The researchers then sequenced RNA from the bark of the mice to see which genes are affected by the loss of Gtf2i. Gtf2i encodes a transcription factor so it controls the expression of many other genes. Researchers have found that about 70% of genes with significantly reduced levels of expression are involved in the process of myelination.
"Myelin is the insulating layer that envelops the axons that extend from the neuronal cell bodies," Barak says. "When they do not have the right properties, it will lead to faster or slower transduction of an electrical signal that affects the synchronization of brain activity."
Additional studies have shown that mice have only about half the normal number of mature oligodendrocytes – the brain cells that produce myelin. However, the number of oligodendrocyte precursor cells is normal, so the researchers suspect that the maturation and differentiation processes of these cells are somehow disrupted when Gtf2i lacks in the neurons.
This is surprising because Gtf2i is not extracted from oligodendrocytes or their precursors. Thus, destruction of the gene in neurons may in some way affect the process of maturation of oligodendrocytes, the researchers suggest. It is not yet known how this interaction can work.
"This is an issue we are interested in, but we do not know whether it is a secretive factor or any other kind of signal or activity," Feng said.
In addition, researchers found that myelin around the axons of the front brain is significantly thinner than normal mice. In addition, the electrical signals are smaller and take longer to pass the brain in mice lacking Gtf2i.
Reversal of symptoms
It remains to be discovered exactly how this reduction in myelination leads to hypersensitivity.
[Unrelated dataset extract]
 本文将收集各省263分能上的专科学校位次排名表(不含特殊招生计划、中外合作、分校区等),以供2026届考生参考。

Researchers suspect that myelin deficiency affects brain circles that normally suppress social behavior, making mice more eager to interact with others.
"This is probably the explanation, but exactly which chains and how it works, we still do not know," says Feng.
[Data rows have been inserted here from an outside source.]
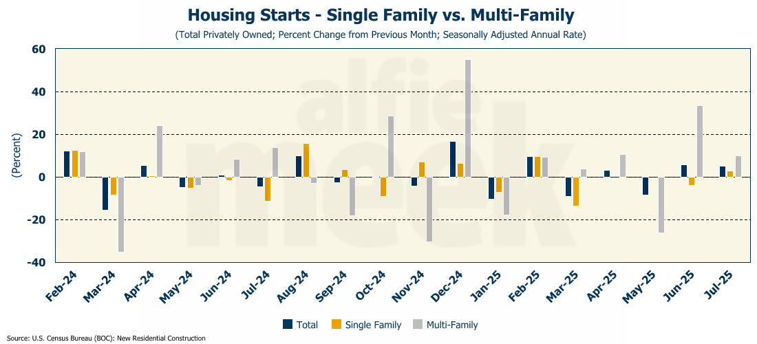 While permits were down, the data for housing starts was mixed. Overall, housing starts were up 5.2% with single-family starts up 2.8% and multi-family starts up 9.9%.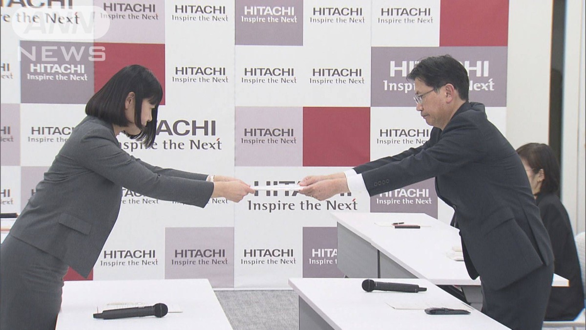 日立製作所は東京本社で労使交渉を行い、労組の半沢美幸中央執行委員長がベースアップ1万3000円などの賃上げを求める要求書を提出しました。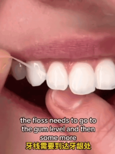 牙线的清洁位置需要轻轻进入牙龈边缘,先让牙线到达牙龈处,再顺着牙齿侧面轻轻滑入牙龈下方的区域,这样才能真正清理到牙龈沟中的残留物。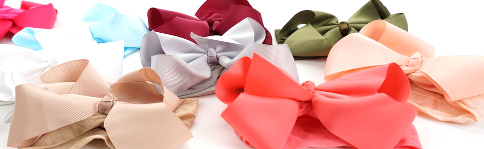 المواد: أشرطة نايلون وشريط من الحرير المضلع؛ مقاس الأقواس: حوالي 5.5-6 انش طول.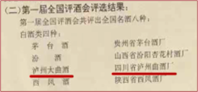 1952年,全中国首次评选四大名酒,当时获奖的四个白酒分别是贵州茅台酒,山西汾酒,陕西西凤酒,以及泸州曲酒厂的泸州老窖大曲酒。
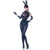4-piece ninja costume includes mock neck cutout matte bodysuit with strappy lace detailing, matching belt and accessories with draping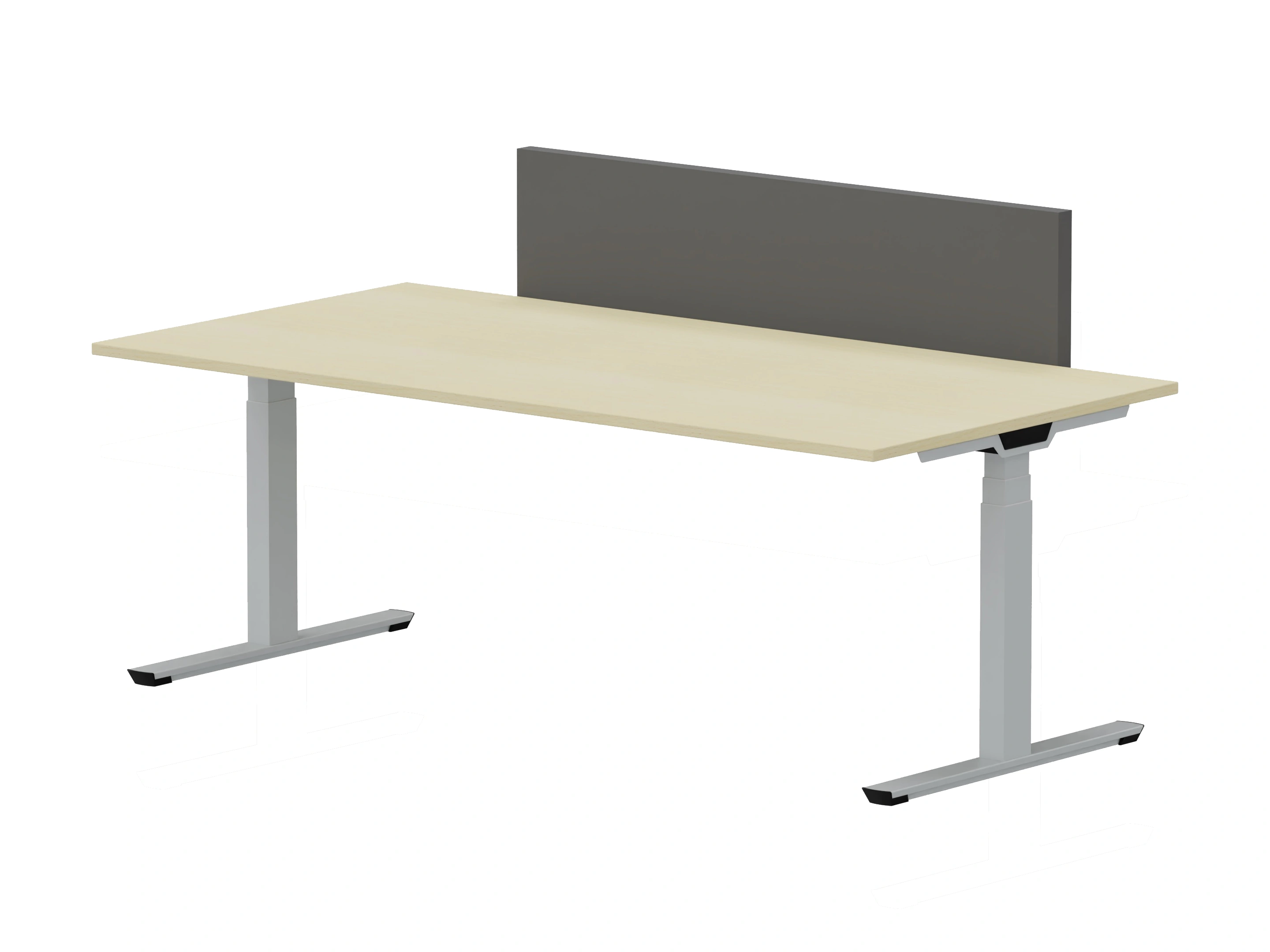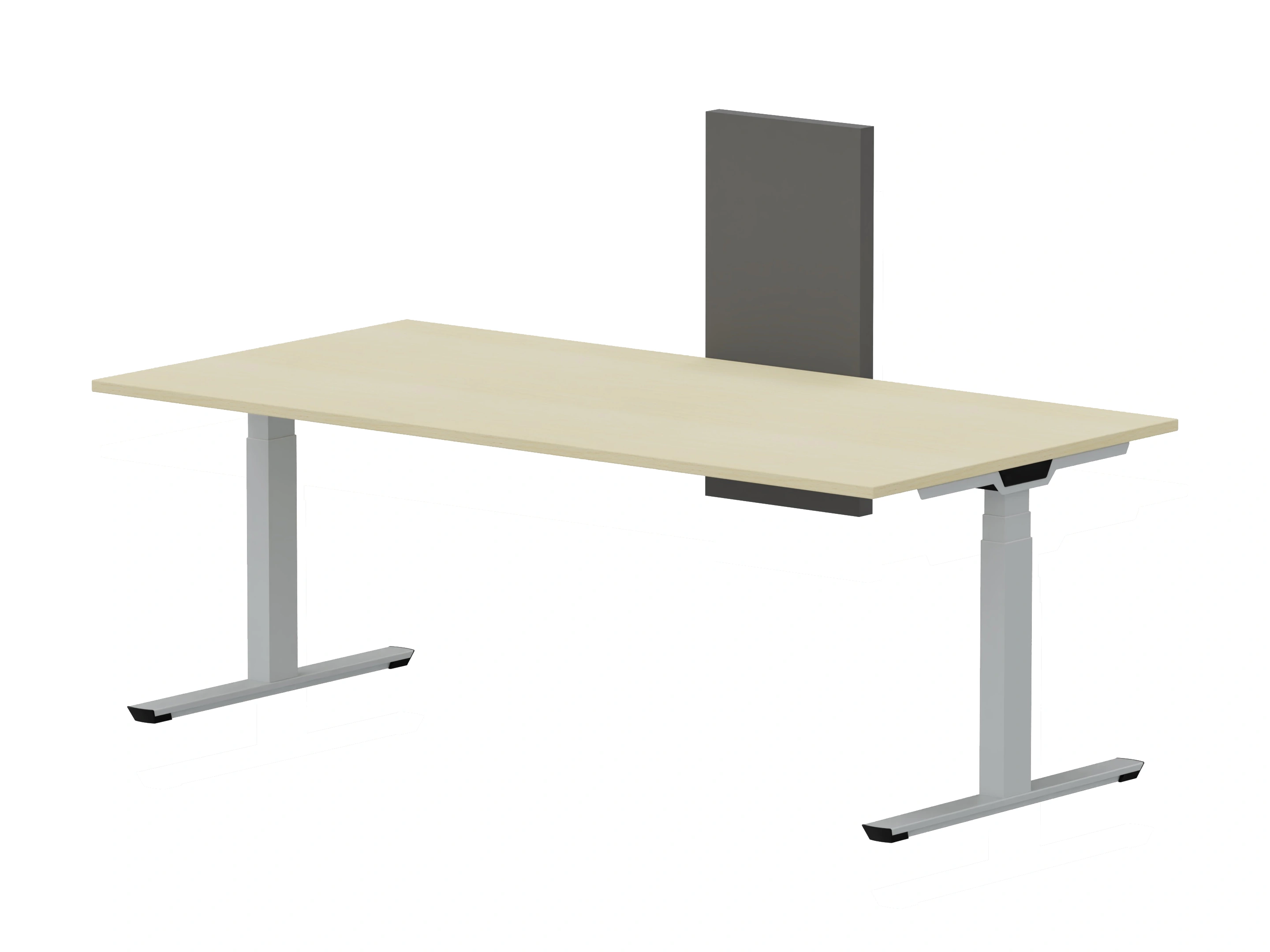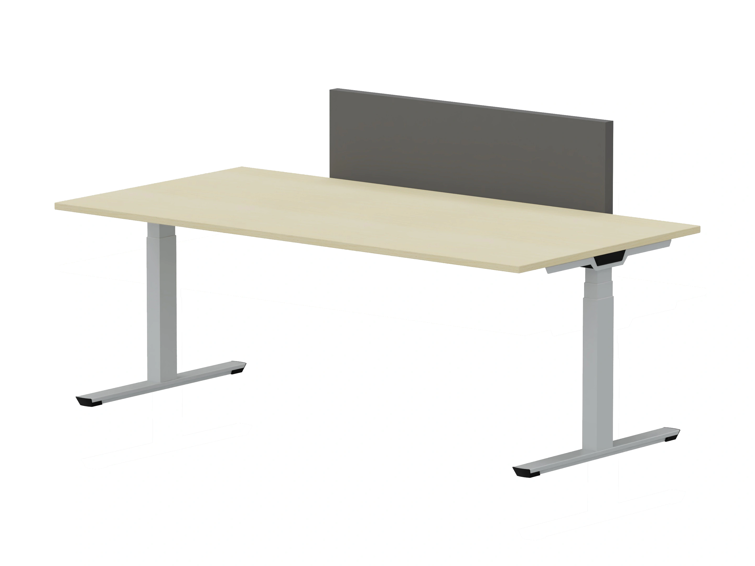 Akoestisch paneel hangend aan het bureaublad, opgebouwd uit een 40mm berken multiplex frame, gevuld met gerecycled katoen, absorbtieklasse A/NRC waarde 0,95

Researchers also found that they can reverse the symptoms by treating mice with medications that improve myelination. One of these drugs, approved by the FDA antihistamine, called clemastine fumarate, is now in clinical trials for the treatment of multiple sclerosis that affects the myelinization of neurons in the brain and spinal cord. Researchers believe it would be useful to test these drugs in Williams syndrome patients because they found a thinner myelin and a reduced number of mature oligodendrocytes in brain samples from people who had Williams syndrome compared to typical human brain samples.
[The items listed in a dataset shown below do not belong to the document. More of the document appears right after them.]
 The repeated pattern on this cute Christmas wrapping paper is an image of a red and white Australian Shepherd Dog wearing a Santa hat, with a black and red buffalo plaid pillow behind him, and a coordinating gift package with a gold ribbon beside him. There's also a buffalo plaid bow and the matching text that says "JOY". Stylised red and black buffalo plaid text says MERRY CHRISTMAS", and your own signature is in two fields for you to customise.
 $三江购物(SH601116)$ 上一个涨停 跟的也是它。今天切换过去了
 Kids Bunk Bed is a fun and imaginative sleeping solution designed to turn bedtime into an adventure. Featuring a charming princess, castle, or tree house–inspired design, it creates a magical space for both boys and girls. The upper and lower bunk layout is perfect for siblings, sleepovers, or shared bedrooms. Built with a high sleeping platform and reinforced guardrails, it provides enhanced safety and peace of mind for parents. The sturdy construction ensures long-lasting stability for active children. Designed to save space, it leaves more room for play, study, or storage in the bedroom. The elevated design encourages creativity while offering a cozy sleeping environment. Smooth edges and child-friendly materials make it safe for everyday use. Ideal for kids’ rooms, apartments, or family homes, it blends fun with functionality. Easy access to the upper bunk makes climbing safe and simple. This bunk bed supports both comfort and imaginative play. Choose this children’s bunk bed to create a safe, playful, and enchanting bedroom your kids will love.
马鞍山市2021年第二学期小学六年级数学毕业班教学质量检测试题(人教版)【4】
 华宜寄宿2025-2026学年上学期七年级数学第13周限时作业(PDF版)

"Mice are not humans, but the pathology is similar in this case, which means that it can be translated," says Feng. – It may be that these patients, if you improve their myelination early, can at least improve some of the conditions. This is our hope.
Such drugs are likely to help primarily the social and subtle motor problems caused by Williams syndrome, not the symptoms that come from the deletion of other genes, the researchers said. They can also help treat other diseases, such as autism spectrum disorders, in which myelination is sometimes impaired, Feng said.
"We believe that this can be widened in autism and other neurological disorders." For these conditions, improved myelination can be a major factor in treatment, "he says. "We are now examining other animal models of neurological disorders to see if they have myelinemic defects and whether improved myelination can improve some of the pathologies of the defects."
The study is funded by the Simons Foundation, the Poetras Affective Disorder Research Center at the MTI, the Stanley Center for Psychiatric Research at the Institute of Massachusetts Institute of Technology and Harvard, and Simson's Center for Social Brain at MIT.